Von Michaela Behr|NiederstaufenOft steht sie in schwindelnder Höhe, eingehüllt in eine Wolke aus Staub. Muss Farbeimer und Materialien schleppen, wochenlang Wände abspachteln und richtig schwere körperliche Arbeit verrichten. Dann wieder werden Melanie Maurer hohes Feingefühl und Geschick abverlangt, enormes Fachwissen und ein ständiges Gespür fürs Schöne. Die 27-Jährige ist Kirchenmalerin, jetzt hat sie ihre Meisterprüfung abgelegt. Seit Juli arbeitet sie wieder im Betrieb Eyerschmalz in Reicholzried.
Melanies ganzer Stolz steht auf einem Tischchen im elterlichen Haus in Niederstaufen: Eine Madonnenfigur in leuchtendem Rot und Blau mit strahlend-goldenem Umhang. Auf der Hand des Jesuskindes hat sich ein kleiner Spatz niedergelassen, zu Füßen der Maria ist in einer Mondsichel der Kopf Evas zu sehen. Der Wert - eine Arbeitszeit von 60 bis 70 Stunden und die Materialkosten inbegriffen: rund 10 000 Euro.
Das gothische Original stammt aus der Werkstatt des Leutkircher Bildhauers Hans Multscher (*um 1400, 1467) und steht im Stadtmuseum in Lindau. Die Gothik hat es Melanie besonders angetan: 'Die Kunstwerke sind schlicht, aber man ist mit ganz großer Sorgfalt ins Detail gegangen.'
Die Leuchtkraft der Farben ist es, die ihrer Madonnen-Nachbildung etwas ganz Besonderes gibt. 'Richtig peppig sieht sie aus - die Farben der gothischen Originale sind heute natürlich verblasst, aber früher sahen die Kunstgegenstände tatsächlich so aus', erklärt die 27-jährige Kunsthandwerkerin.
Das Wissen um die alten Materialien ist ein wichtiger Bestandteil der Arbeit als Kirchenmalerin: 'Wir arbeiten nur mit historischen Pigmenten und Farbmitteln - genauso wie die Kunstgüter einst hergestellt wurden.' Mineralien, Erde, Pflanzensäfte und tierische Farbstoffe bilden die Pigmente der Meisterwerke.
Nach alten Rezepten, die von Epoche zu Epoche variieren, mischen Kirchenmaler bis heute ihre Farben selber. 'Chemische Farben sind zwar wahnsinnig bunt und kräftig, die alten Farben aber haben eine ganz andere Tiefenwirkung, einen viel schöneren Charakter', schwärmt Melanie.
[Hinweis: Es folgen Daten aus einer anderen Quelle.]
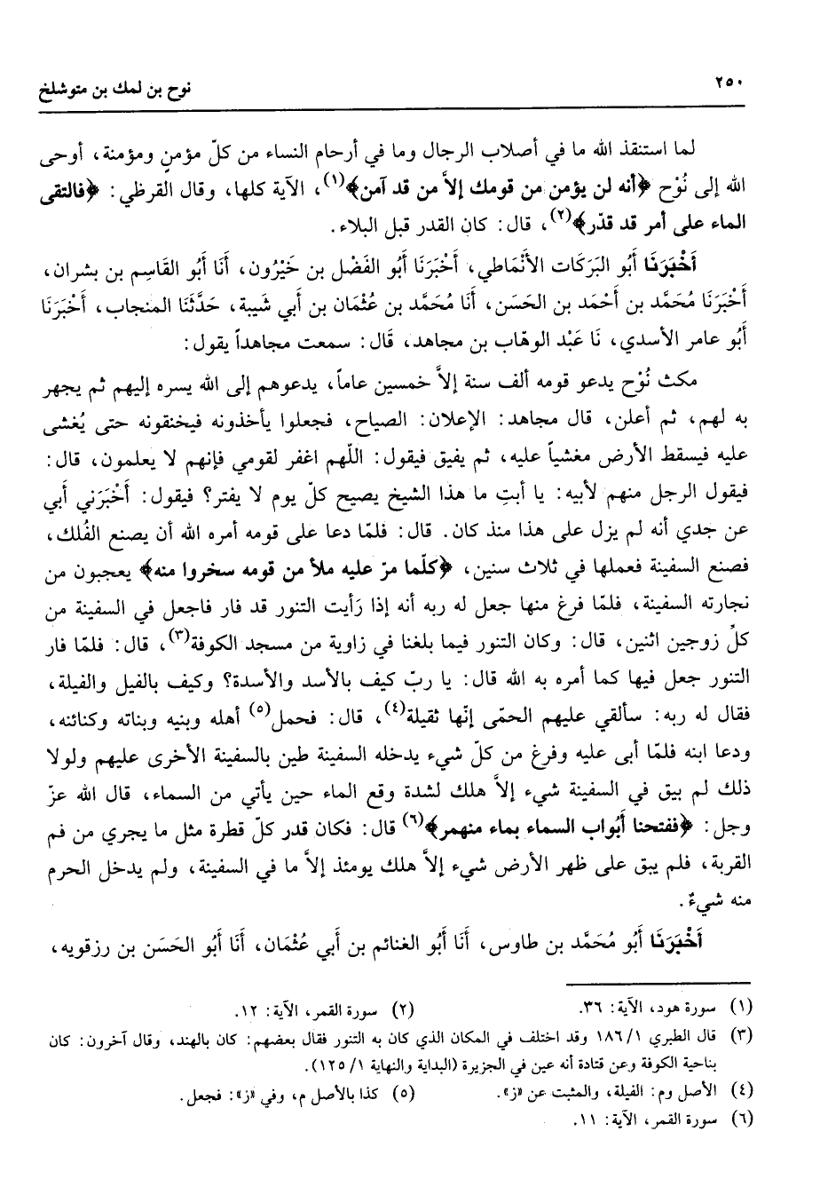 لما استنقذ الله ما في أصلاب الرجال وما في أرحام النساء من كل مؤمن ومؤمنة أوحى الله إلى نوح " أنه لن يؤمن من قومك إلا من قد آمن (1) " الآية كلها وقال القرضي " فالتقى الماء على أمر قد قدر (2) " قال كان القدر قبل البلاء أخبرنا أبو البركات الأنماطي أخبرنا أبو الفضل بن خيرون أنا أبو القاسم بن بشران أخبرنا محمد بن أحمد بن الحسن أنا محمد بن عثمان بن أبي شيبة حدثنا المنجاب أخبرنا أبو عامر الأسدي نا عبد الوهاب بن مجاهد قال سمعت مجاهدا يقول مكث نوح يدعو قومه الف سنة إلا خمسين عاما يدعوهم إلى الله يسره إليهم ثم يجهر به لهم ثم أعلن قال مجاهد الإعلان الصياح فجعلوا يأخذونه فيخنقونه حتى يغشى عليه فيسقط الأرض مغشيا عليه ثم يفيق فيقول اللهم اغفر لقومي فإنهم لا يعلمون قال فيقول الرجل منهم لأبيه يا أبت ما هذا الشيخ يصيح كل يوم لا يفتر فيقول أخبرني أبي عن جدي أنه لم يزل على هذا منذ كان قال فلما دعا على قومه أمره الله أن يصنع الفلك فصنع السفينة فعملها في ثلاث سنين " كلما مر عليه ملأ من قومه سخروا منه " يعجبون من نجارته السفينة فلما فرغ منها جعل له ربه انه إذا رأيت التنور قد فار فاجعل في السفينة من كل زوجين اثنين قال وكان التنور فيما بلغنا في زواية من مسجد الكوفة (3) قال فلما فار التنور جعل فيها كما أمره به الله قال يا رب كيف بالأسد والأسدة وكيف بالفيل والفيلة فقال له ربه سألقي عليهم الحمى إنها ثقيلة (4) قال فحمل (5) أهله وبنيه وبناته وكنائنه ودعا ابنه فلما أبى عليه وفرغ من كل شئ يدخله السفينة طين بالسفينة الأخرى عليهم ولولا ذلك لم يبق في السفينة شئ إلا هلك لشدة وقع الماء حين يأتي من السماء قال الله عز وجل " ففتحنا أبواب السماء بماء منهمر (6) " قال فكان قدر كل قطرة مثل ما يجري من فم القربة فلم يبق على ظهر الأرض شئ إلا هلك يومئذ إلا ما في السفينة ولم يدخل الحرم منه شئ أخبرنا أبو محمد بن طاوس أنا أبو الغنائم بن أبي عثمان أنا أبو الحسن بن رزقويه
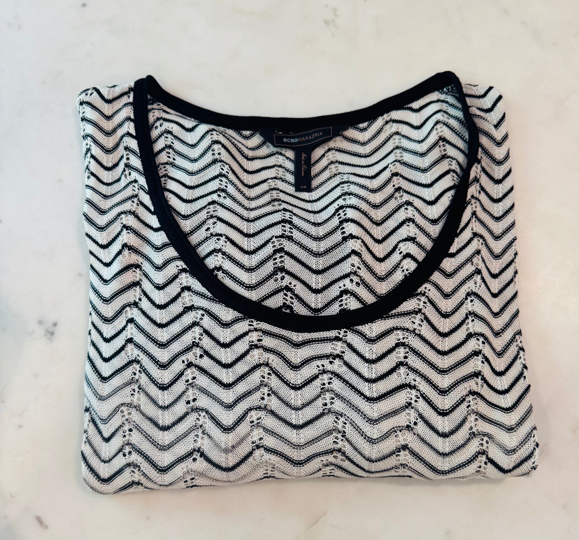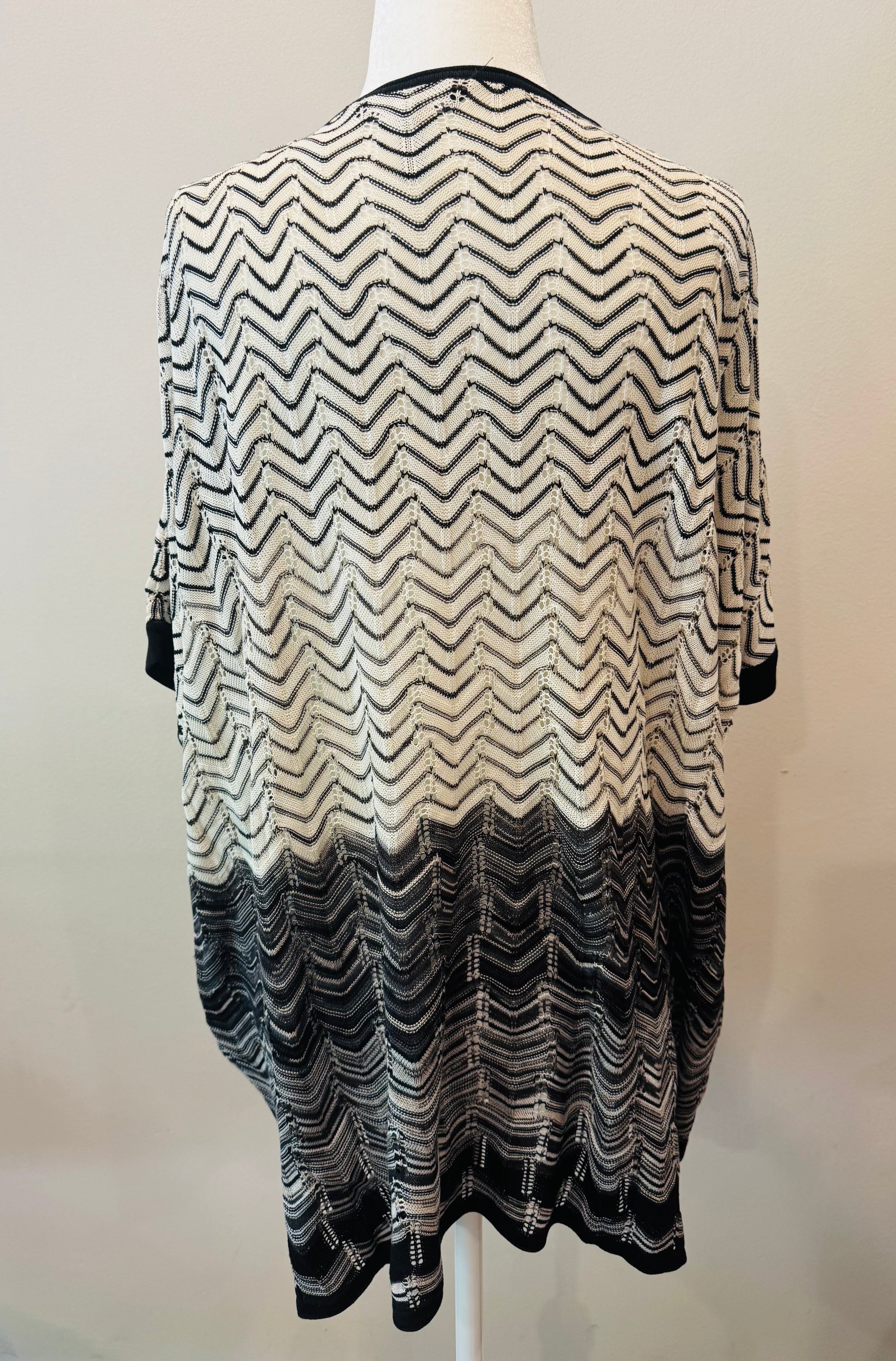 Vintage BCBG MaxAzria circa 2000s draped tunic sweater in black & white. Featuring a bold black and white chevron knit pattern with a beautiful ombre fade. The top is a silk blend that sits off the shoulder with a relaxed fit that sits at mid-thigh length.
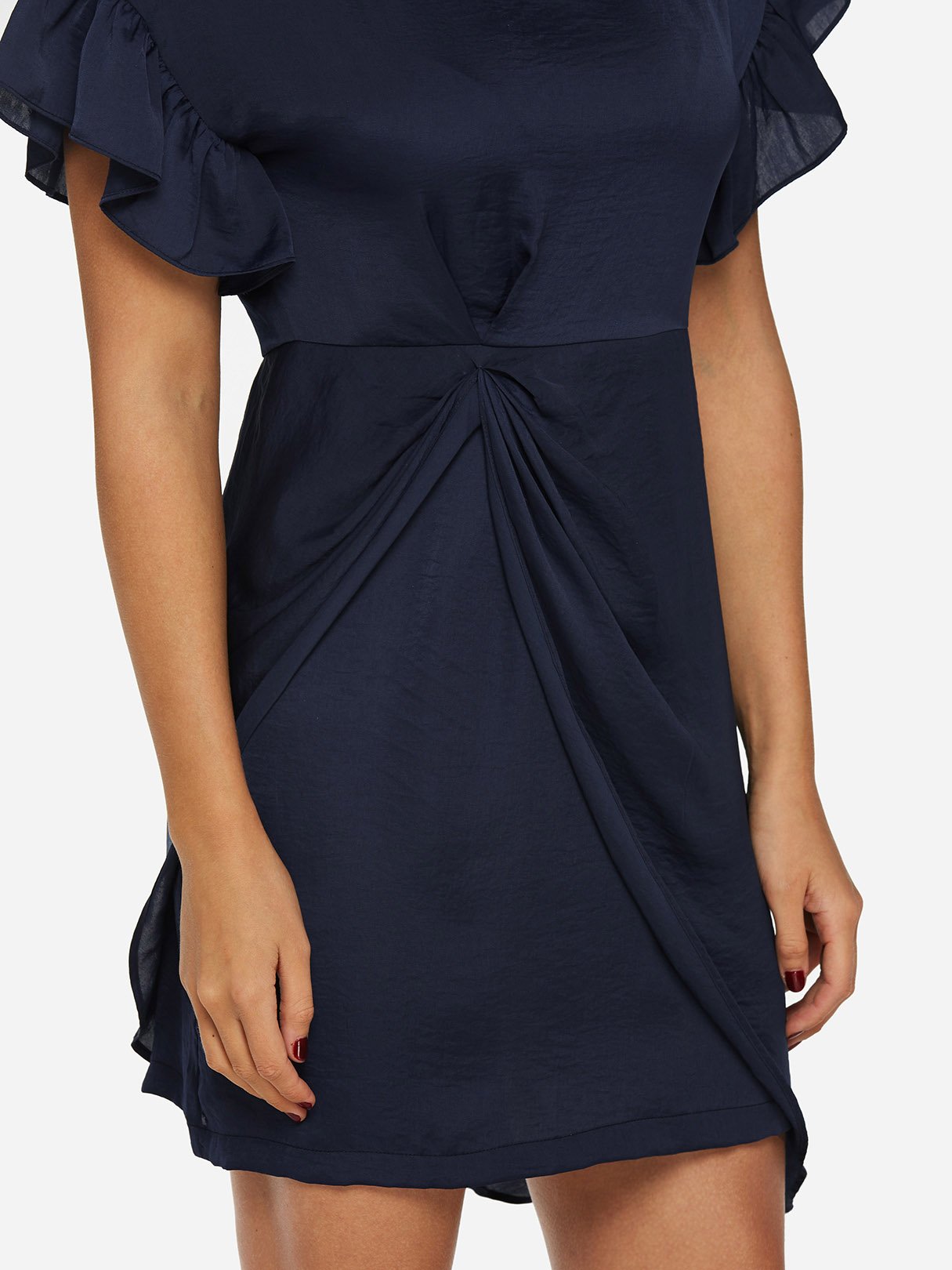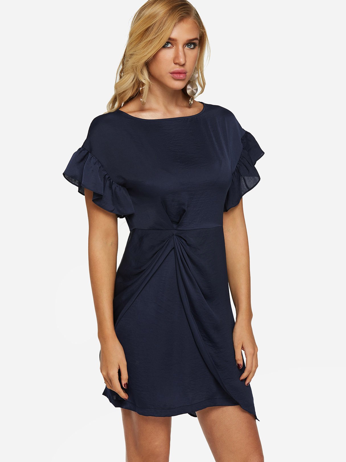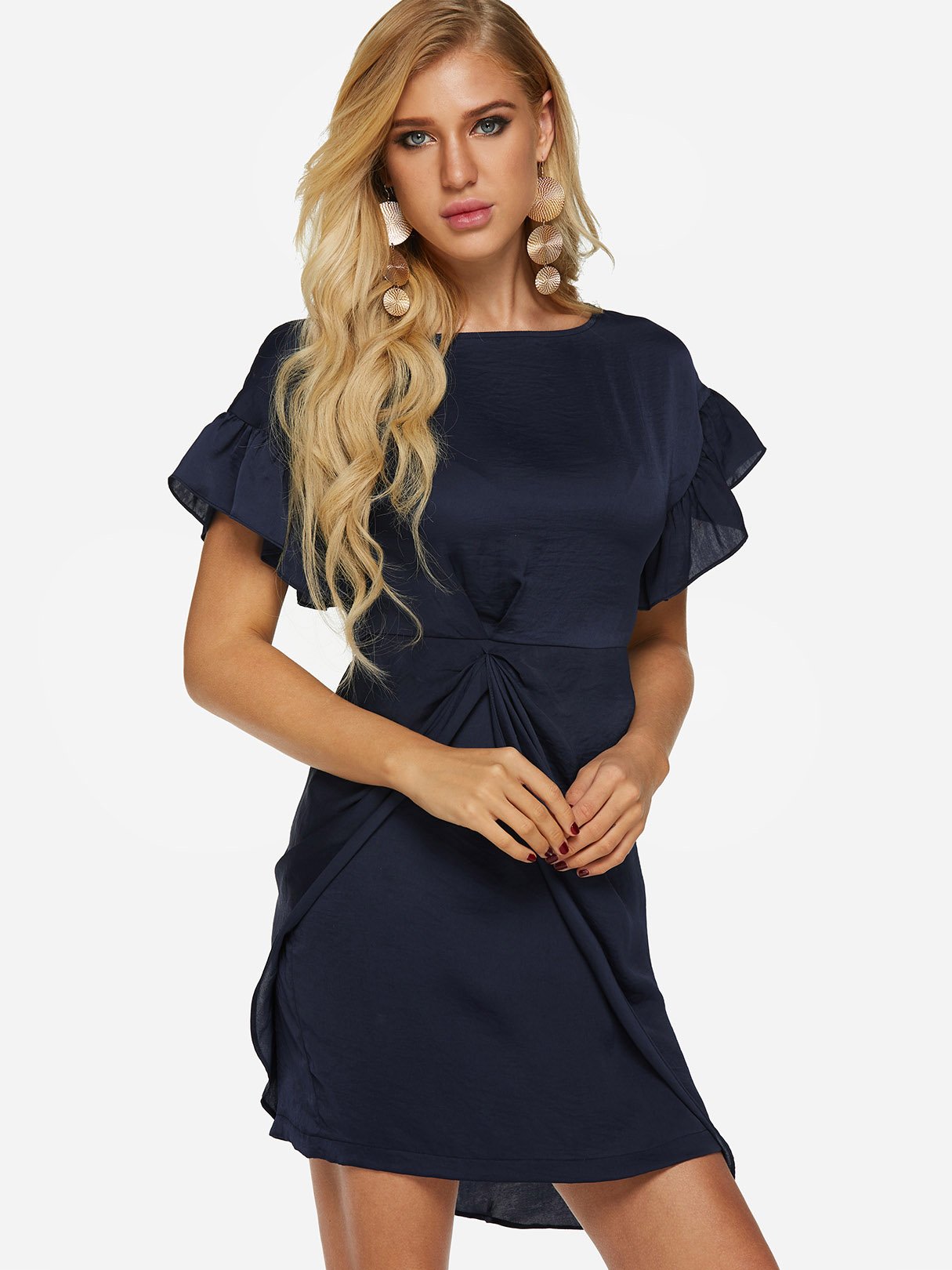 Navy Round Neck Short Sleeve Pleated Irregular Hem Sexy Dress

Doch reicht die Arbeit der Kirchenmalerin wesentlich weiter: Stuck und Wandflächen müssen von später zugefügten Farbschichten freigelegt werden. Altäre und Figuren werden gesäubert, restauriert und neu vergoldet. Oft ist es harte Arbeit, die Melanie Maurer dabei verrichten muss - etwa bei der Restaurierung einer Turmkuppel: 'Wenn man mit Eimern zigmal am Tag hoch- und runterlaufen muss, ist das ganz schön anstrengend - ewig kann man das als Frau vermutlich nicht machen.'
Später, so die 27-Jährige, könne sie sich vorstellen, mehr Zeit in der Werkstatt zu verbringen, ein paar Jahre möchte sie aber auf jeden Fall noch 'viel draußen bleiben'.
'Draußen' - das waren bislang etwa die St.-Anton-Kirche und das Stadttheater in Kempten, die Ges-tratzer Orgel, die Pfarrkirche in Eckarts im Oberallgäu oder - noch in der Ausbildung - die St.-Anna-Kirche in Augsburg.
'Das Wichtigste als Kirchenmalerin ist: Man braucht ganz viel Geduld - eigentlich ist ständig alles langwierig und man darf nie zu schludern anfangen', sagt Melanie.
Als Herausforderung betrachtet es die 27-Jährige, dass Kirchenmaler heute - um langfristig bestehen zu können - auch über das eigene Aufgabenfeld hinaus tätig werden müssen. Der Betrieb 'Eyerschmalz' restauriert nicht nur, sondern fertigt auch moderne Illusionsmalerei an - etwa für Schwimmbäder oder Hauseingänge. Da ist dann über das Handwerk hinaus vor allem Kreativität gefragt.